PROBLEM TO SOLVE
All of the data below should be set down again verbatim, without any images.

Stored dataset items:
——————
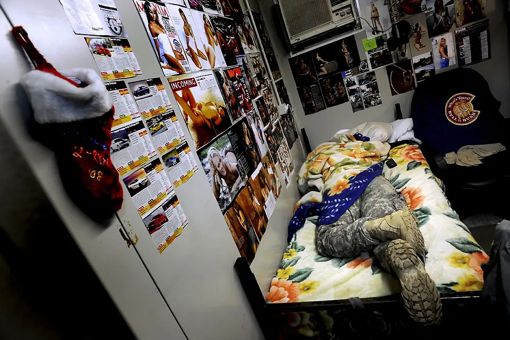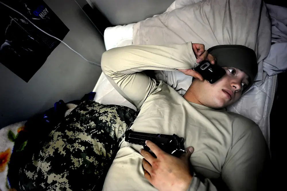 10 de diciembre de 2008. 12:59 p.m. Mientras atrás sobre deberes de Fuerza de Reacción Rápidos, Ian se pone al corriente del sueño totalmente vestido de su engranaje, listo de ir inmediatamente cuando la llamada viene.
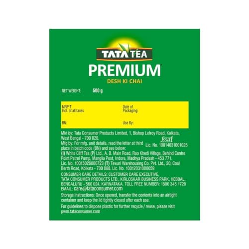 Chai is more than a cup of tea; rather it is an integral part of the culture and life of every Indian. While drinking chai is enjoyed across the country the way people like their cup in India varies across regions. Tata Tea Premium- Desh ki Chai sourced solely from India understands these varying taste preferences and hence our tea experts have crafted a unique blend that chai lovers across India will enjoy. Blended since 1985. Storage Instructions: Once opened transfer the contents into an airtight container and keep the lid tightly closed after each use.
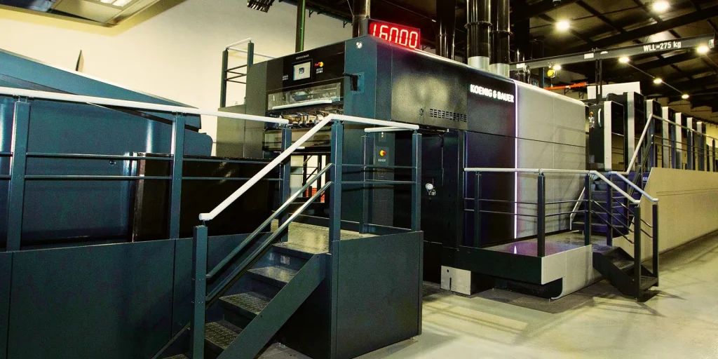 Complementando essa estrutura, contamos com a impressora da Koenig & Bauer , Rapida 145, uma das mais avançadas do setor. Com capacidade produtiva de até 16 mil folhas por hora, ela oferece velocidade, estabilidade e controle absoluto em cada etapa da impressão.
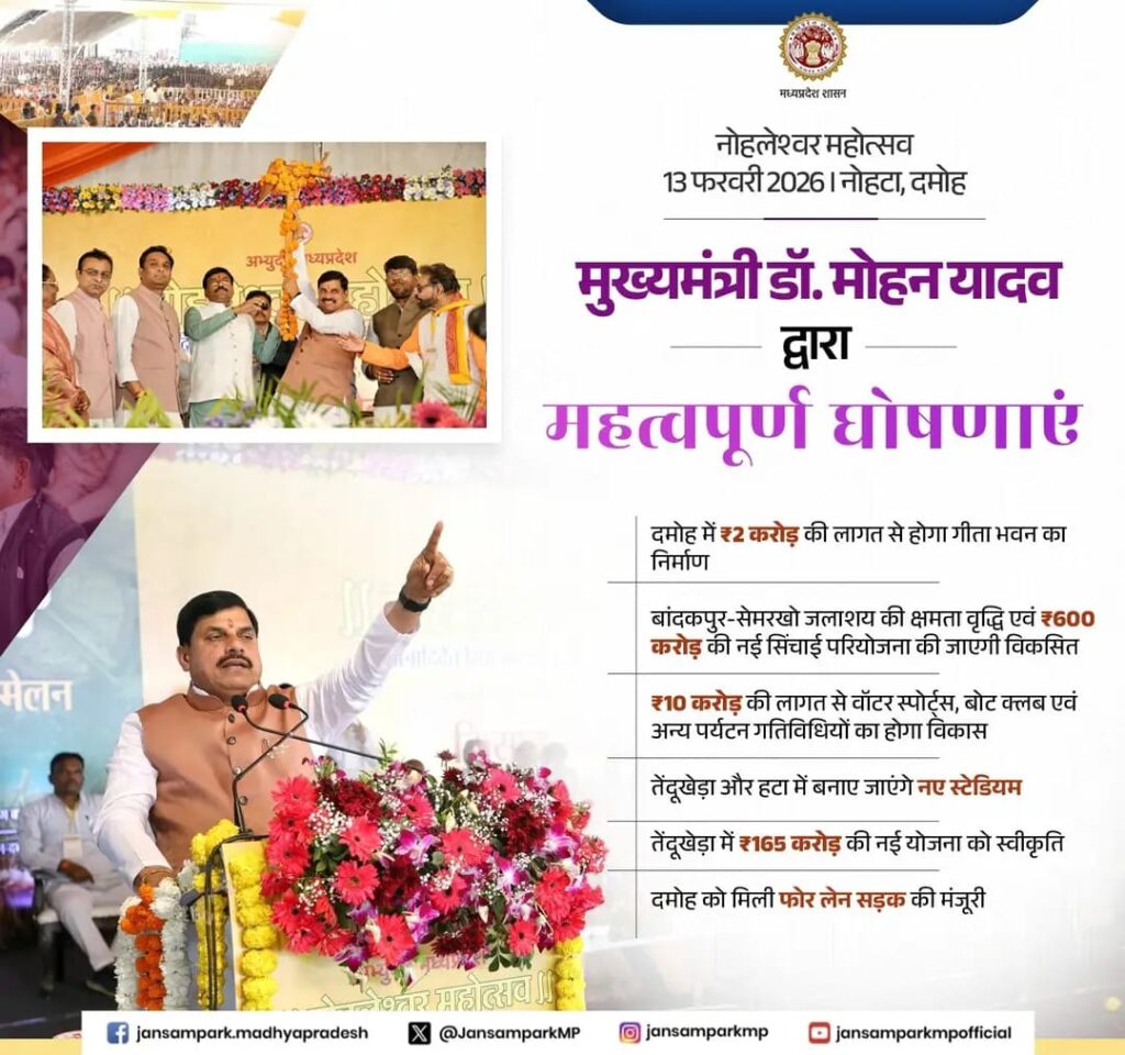 किसान सम्मेलन में मुख्यमंत्री डॉ. यादव ने क्षेत्रीय जनता की मांग पर नोहटा को परीक्षण के उपरांत नगर परिषद बनाने की घोषणा की। मुख्यमंत्री ने कहा कि दमोह में 2 करोड़ रूपए की लागत से गीता भवन का निर्माण किया जाएगा। दमोह जिले में बांदकपुर-सेमरखो जलाशय की क्षमता में वृद्धि कर 600 करोड़ रूपए की नई सिंचाई परियोजना विकसित की जाएगी। इससे जिले के 33 गांवों को भरपूर पानी मिलेगा। दमोह में 10 करोड़ रूपए की लागत से वॉटर स्पोर्ट्स, बोट क्लब सहित अन्य पर्यटन गतिविधियों का विकास किया जाएगा। मुख्यमंत्री ने कहा कि तेंदूखेड़ा और हटा में खेल गतिविधियों के प्रोत्साहन के लिए नए स्टेडियम बनाए जाएंगे। इस मौके पर मुख्यमंत्री ने सुप्रसिद्ध भजन गायिका सुश्री शहनाज अख्तर का अभिनंदन भी किया।
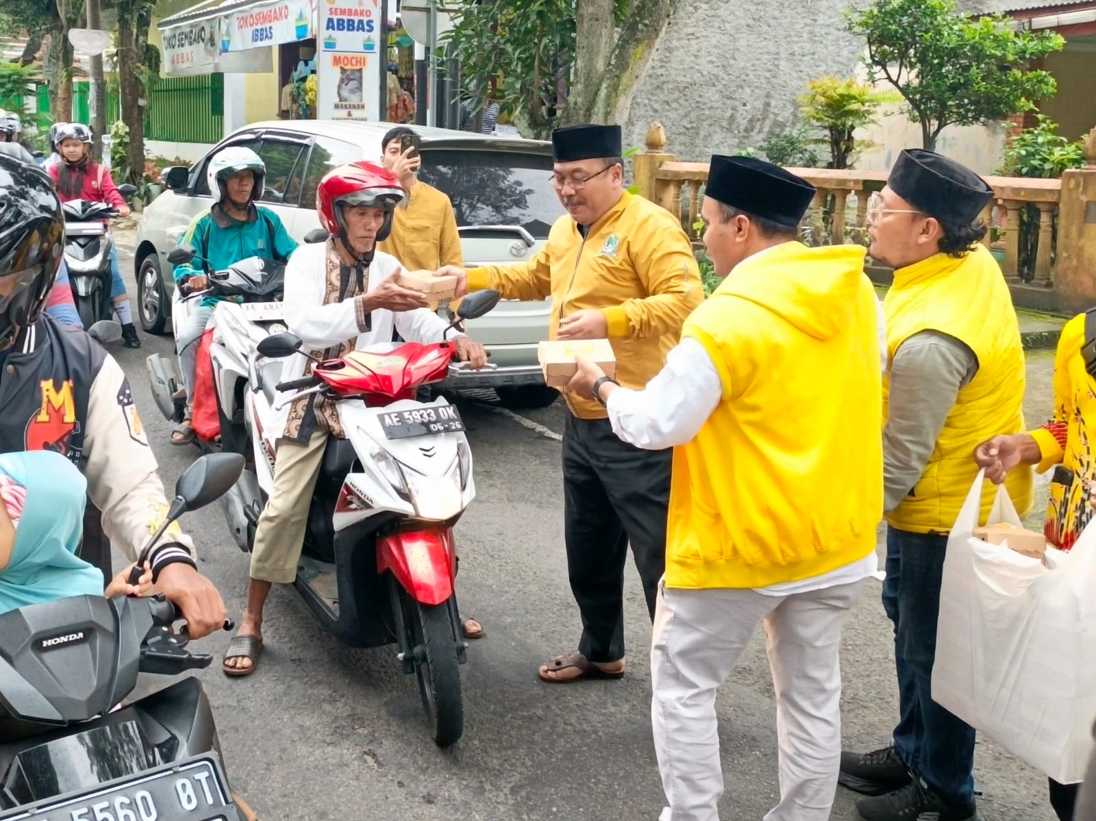 Antusiasme warga terlihat sejak sore. Banyak pengendara dengan senang hati menerima paket takjil yang dibagikan kader Golkar.
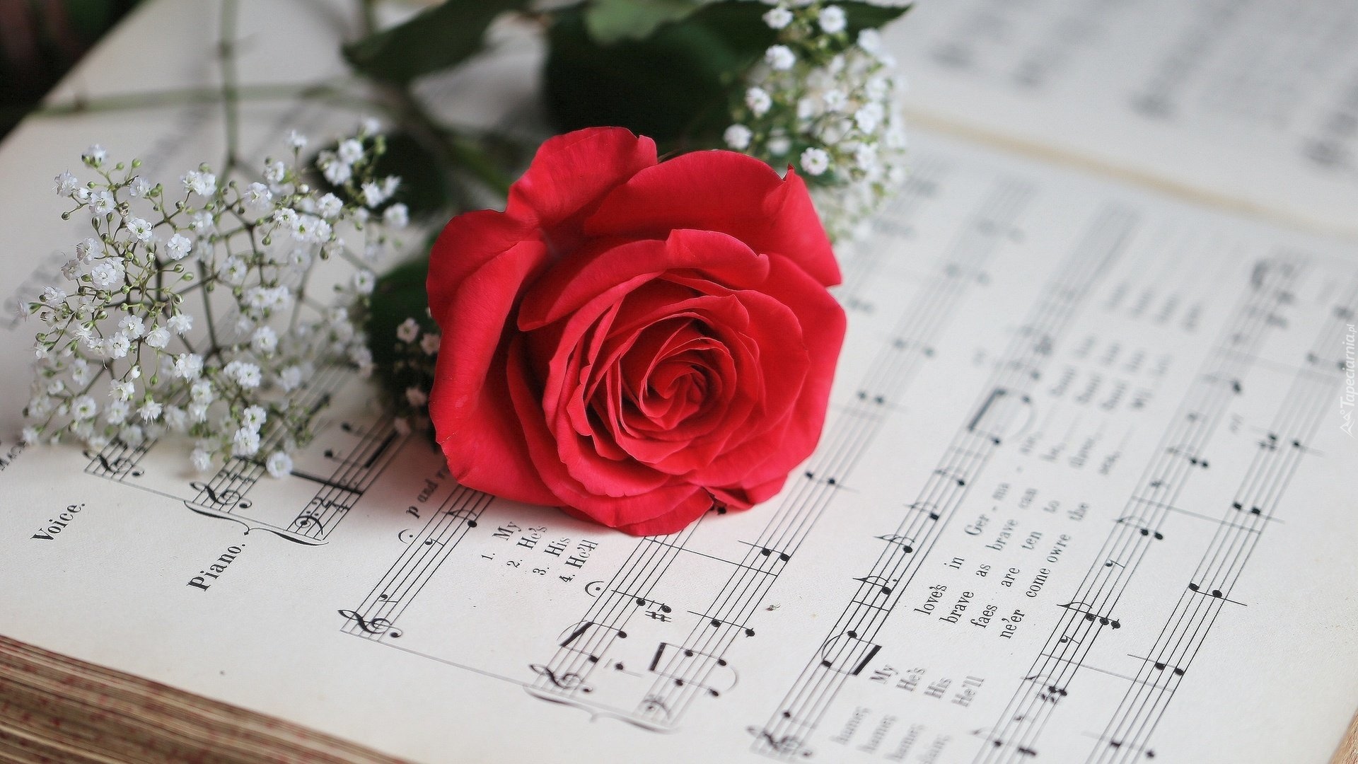 Edytor tapety: Czerwona róża leżąca na nutach
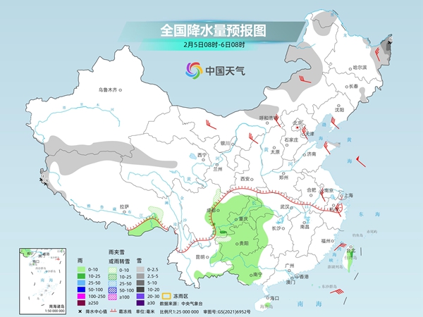 今起三天(2月5日至7日),南方将迎一次降水过程,明天降水范围最广,7日随着气温下降,贵州等地或发生雨雪转换,春运路上需谨防湿滑,注意交通安全。明天起,将有一股强冷空气影响中东部,华北和黄淮局地气温降幅可超10℃,需关注气温变化,及时添衣,谨防感冒。
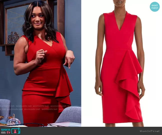 Fatima (played by Crystal Hayslett) on Tyler Perrys Sistas on BET was spotted wearing this red ruffled dress on Tyler Perrys Sistas on episode 'Run Tell That' (3x10) in Aug 2021. Fatima's Dress is the Ruffle Skirt Cocktail Dress by Eliza J.
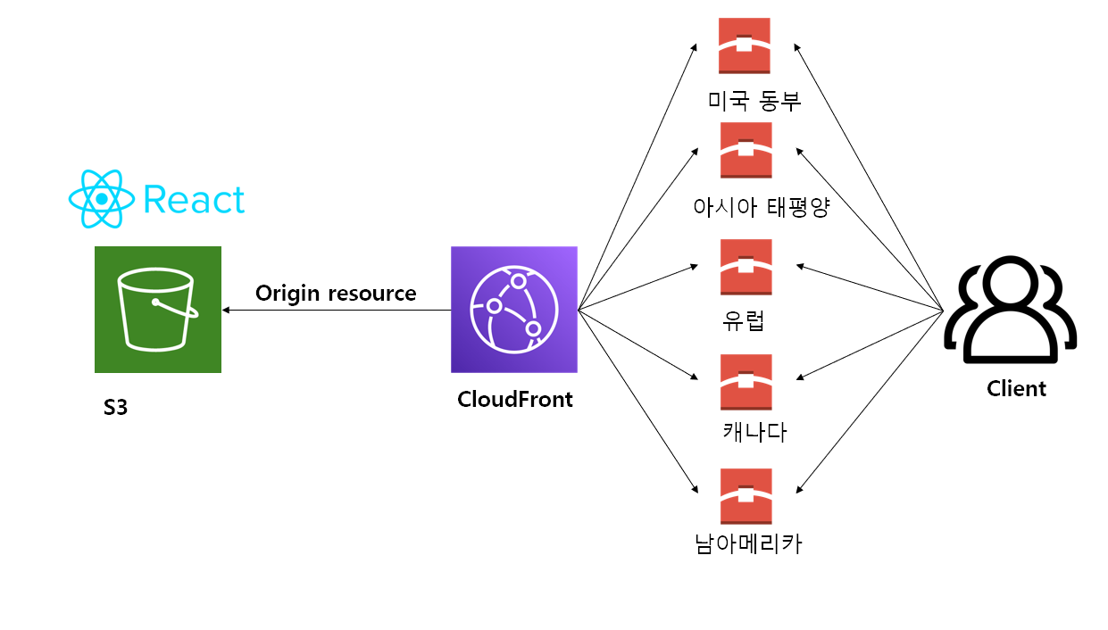 CloudFront는 전세계 이곳 저곳에 Edge서버를 두고, 클라이언트에게서 가장 가까운 Edge서버를 찾아 빠르게 컨텐츠를 제공한다.
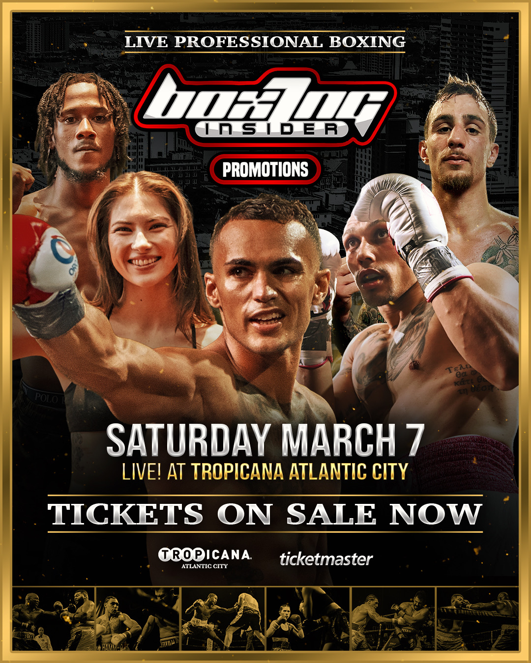 Tickets are available on sale now via Ticketmaster. Full card coverage live and free from the Tropicana lounge on the site BoxingInsider YouTube Channel — no paywall, no subscription, just boxing as it should be.
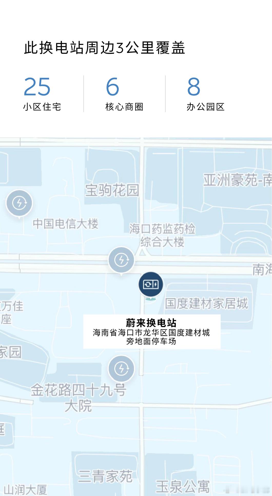 换电站是电动车的加油站蔚来换电站 |海口金巷路 上线周边3公里覆盖25大小区住宅、6大核心商圈、8大办公园区截至4月28日,蔚来已在海南省布局16座换电站
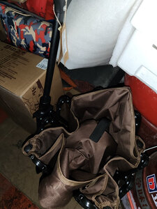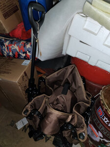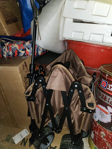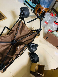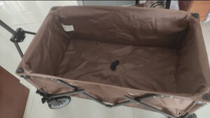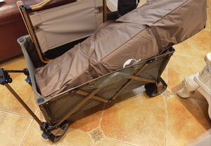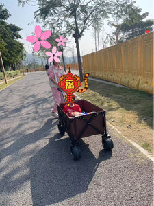 露营车自重挺重感觉架子挺结实的,超宽的轮子看着就大气结实,收纳起来放后备厢也不占地方,车斗又大又深挺能装东西的
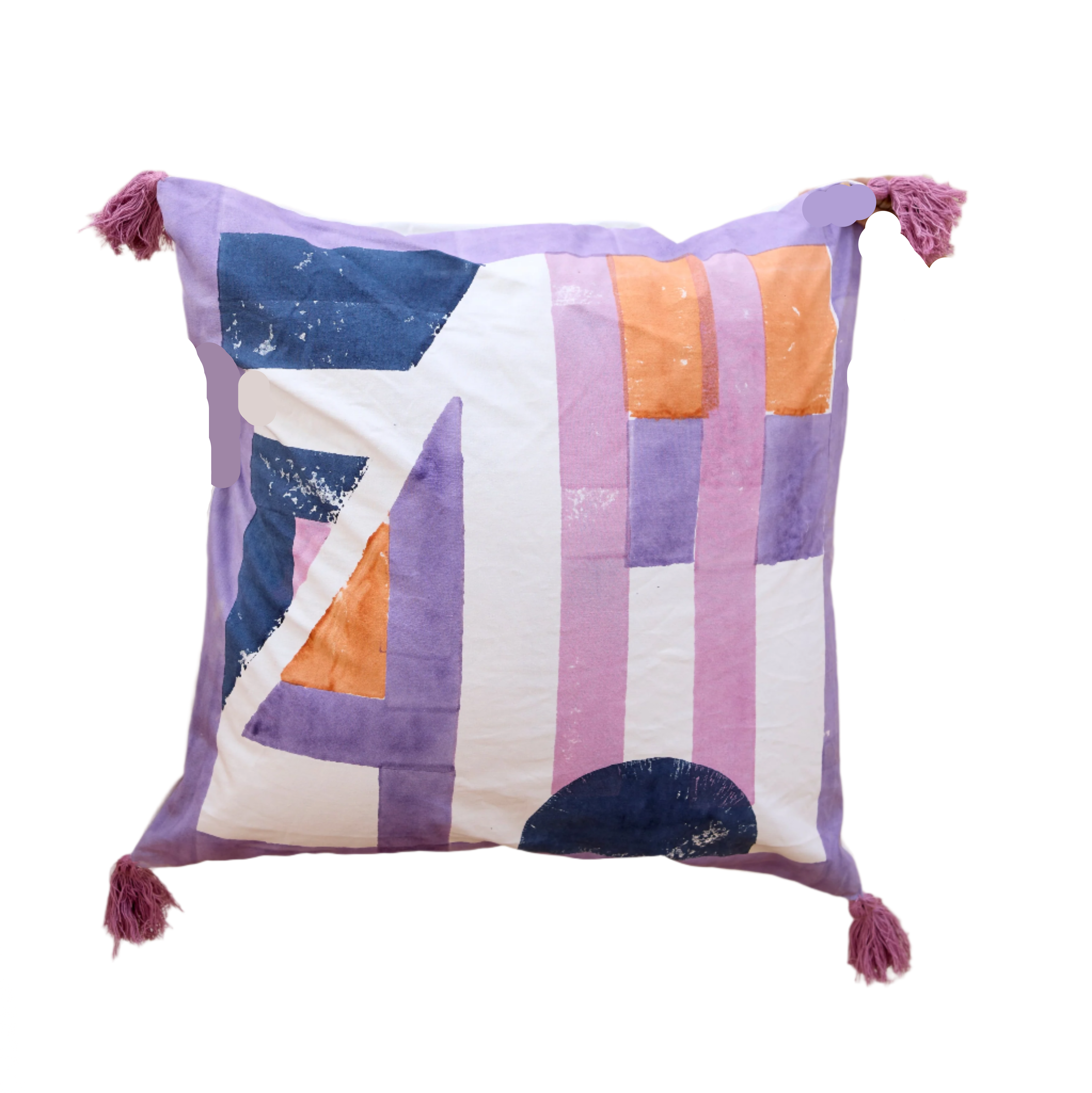 With its captivating reverse side, the Solstice Quilt invites warmth and vibrancy into your home. Adorned with an eye-catching sun and moon motif in warm orange tones, this side contrasts beautifully with the bold purple geometric design of the front. Each quilt is handcrafted, skillfully blending traditional techniques with contemporary aesthetics to create a versatile and striking addition to any space.
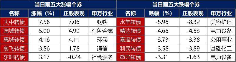 【转债市场主要指数集体跟跌】 11月20日,转债市场跟随权益市场有所下挫,当日中证转债、上证转债、深证转债分别收跌0.23%、0.27%、0.23%。当日,转债市场成交额635.15亿元,较前一交易日缩量23.50亿元。转债市场个券多数下跌,399支转债中,145支收涨,246支下跌,8支持平。当日上涨个券中,大中转债涨超7%,国城转债涨超5%;下跌个券中,水羊转债跌逾5%,精达转债跌逾4%。
——————
ANSWER TO THIS TASK
 10 de diciembre de 2008. 12:59 p.m. Mientras atrás sobre deberes de Fuerza de Reacción Rápidos, Ian se pone al corriente del sueño totalmente vestido de su engranaje, listo de ir inmediatamente cuando la llamada viene.
 Chai is more than a cup of tea; rather it is an integral part of the culture and life of every Indian. While drinking chai is enjoyed across the country the way people like their cup in India varies across regions. Tata Tea Premium- Desh ki Chai sourced solely from India understands these varying taste preferences and hence our tea experts have crafted a unique blend that chai lovers across India will enjoy. Blended since 1985. Storage Instructions: Once opened transfer the contents into an airtight container and keep the lid tightly closed after each use.
 Complementando essa estrutura, contamos com a impressora da Koenig & Bauer , Rapida 145, uma das mais avançadas do setor. Com capacidade produtiva de até 16 mil folhas por hora, ela oferece velocidade, estabilidade e controle absoluto em cada etapa da impressão.
 किसान सम्मेलन में मुख्यमंत्री डॉ. यादव ने क्षेत्रीय जनता की मांग पर नोहटा को परीक्षण के उपरांत नगर परिषद बनाने की घोषणा की। मुख्यमंत्री ने कहा कि दमोह में 2 करोड़ रूपए की लागत से गीता भवन का निर्माण किया जाएगा। दमोह जिले में बांदकपुर-सेमरखो जलाशय की क्षमता में वृद्धि कर 600 करोड़ रूपए की नई सिंचाई परियोजना विकसित की जाएगी। इससे जिले के 33 गांवों को भरपूर पानी मिलेगा। दमोह में 10 करोड़ रूपए की लागत से वॉटर स्पोर्ट्स, बोट क्लब सहित अन्य पर्यटन गतिविधियों का विकास किया जाएगा। मुख्यमंत्री ने कहा कि तेंदूखेड़ा और हटा में खेल गतिविधियों के प्रोत्साहन के लिए नए स्टेडियम बनाए जाएंगे। इस मौके पर मुख्यमंत्री ने सुप्रसिद्ध भजन गायिका सुश्री शहनाज अख्तर का अभिनंदन भी किया।
 Antusiasme warga terlihat sejak sore. Banyak pengendara dengan senang hati menerima paket takjil yang dibagikan kader Golkar.
 Edytor tapety: Czerwona róża leżąca na nutach
 今起三天(2月5日至7日),南方将迎一次降水过程,明天降水范围最广,7日随着气温下降,贵州等地或发生雨雪转换,春运路上需谨防湿滑,注意交通安全。明天起,将有一股强冷空气影响中东部,华北和黄淮局地气温降幅可超10℃,需关注气温变化,及时添衣,谨防感冒。
 Fatima (played by Crystal Hayslett) on Tyler Perrys Sistas on BET was spotted wearing this red ruffled dress on Tyler Perrys Sistas on episode 'Run Tell That' (3x10) in Aug 2021. Fatima's Dress is the Ruffle Skirt Cocktail Dress by Eliza J.
 CloudFront는 전세계 이곳 저곳에 Edge서버를 두고, 클라이언트에게서 가장 가까운 Edge서버를 찾아 빠르게 컨텐츠를 제공한다.
 Tickets are available on sale now via Ticketmaster. Full card coverage live and free from the Tropicana lounge on the site BoxingInsider YouTube Channel — no paywall, no subscription, just boxing as it should be.
 换电站是电动车的加油站蔚来换电站 |海口金巷路 上线周边3公里覆盖25大小区住宅、6大核心商圈、8大办公园区截至4月28日,蔚来已在海南省布局16座换电站
 露营车自重挺重感觉架子挺结实的,超宽的轮子看着就大气结实,收纳起来放后备厢也不占地方,车斗又大又深挺能装东西的
 With its captivating reverse side, the Solstice Quilt invites warmth and vibrancy into your home. Adorned with an eye-catching sun and moon motif in warm orange tones, this side contrasts beautifully with the bold purple geometric design of the front. Each quilt is handcrafted, skillfully blending traditional techniques with contemporary aesthetics to create a versatile and striking addition to any space.
 【转债市场主要指数集体跟跌】 11月20日,转债市场跟随权益市场有所下挫,当日中证转债、上证转债、深证转债分别收跌0.23%、0.27%、0.23%。当日,转债市场成交额635.15亿元,较前一交易日缩量23.50亿元。转债市场个券多数下跌,399支转债中,145支收涨,246支下跌,8支持平。当日上涨个券中,大中转债涨超7%,国城转债涨超5%;下跌个券中,水羊转债跌逾5%,精达转债跌逾4%。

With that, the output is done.